И они зашагали в гостиницу. Хозяин привел их в комнату с двумя кроватями, широкими, покрытыми поверх соломенных тюфяков чистыми с виду ткаными покрывалами. Возле выходившего на площадь окна стоял низкий столик, а в углу таз и большой кувшин.
— Вполне прилично для двух бродяг, а, сеньор? Сегодня у вас два гостя, которые знают, что такое благодарность. Неплохо бы еще перед обедом ванну. И уж будьте добры, скажите, где в этом городке найти хорошего портного.
Они отправились туда, куда указал хозяин, чтобы заказать штаны и рубаху. Портной стал снимать мерку, и юношу передернуло, когда тот коснулся его ноги, чтобы бечевкой измерить ширину шага. С раздражением он отметил, как от этого развеселился испанец.

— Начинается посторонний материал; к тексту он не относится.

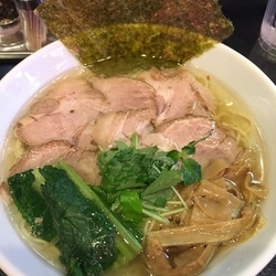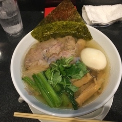 極塩、動物系不使用、透き通る煮干し、アゴ出汁、表面はオイリーだからか乾物魚介ダシだけでコクがありますね〜塩分が強く感じたら割スープまである、細麺との相性も良いですね♪ 880円ですがチャーシュー麺みたいにチャーシュー多め、青梗菜、穂先メンマ、三つ葉なども合っていて美味しかったです。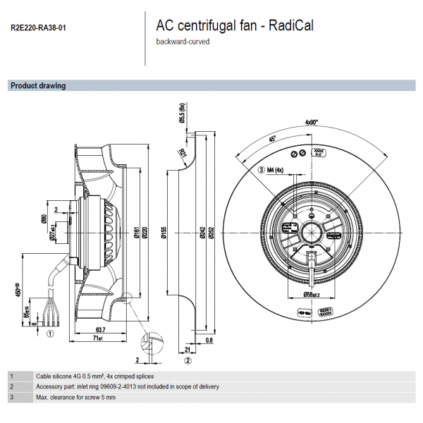 Quạt ly tâm kiểu cánh RadiCal đường kính cánh 220mm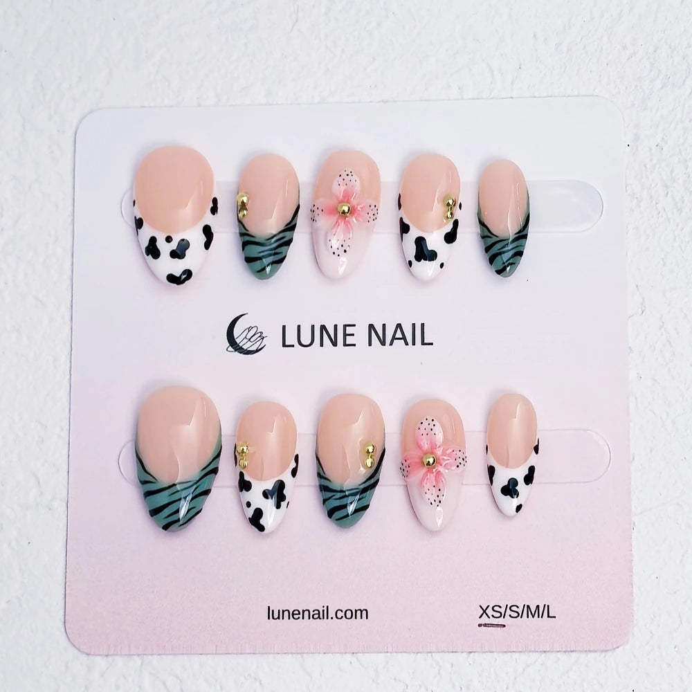 - 10 hand-crafted press-on nails, perfectly shaped & pre-designed

— Юный друг мой, — посетовал Эрнандес, — до чего же ты темный! Каким же образом портной тебя оденет по-человечески? Ты что, хочешь, чтобы штаны тебе жали? Смотри, запоешь, как девчонка. Стой спокойно, не мешай человеку делать свое дело.
Устыдившись своей робости, Алехандро сделал как велено.
— Штаны и рубаха нужны к утру, — сказал портному Эрнандес.
— Сеньор, — запротестовал тот. — Это невозможно. Как же шить в потемках? К тому же нужно купить ткань…
Эрнандес достал из кармана золотую монету и помахал перед носом портного.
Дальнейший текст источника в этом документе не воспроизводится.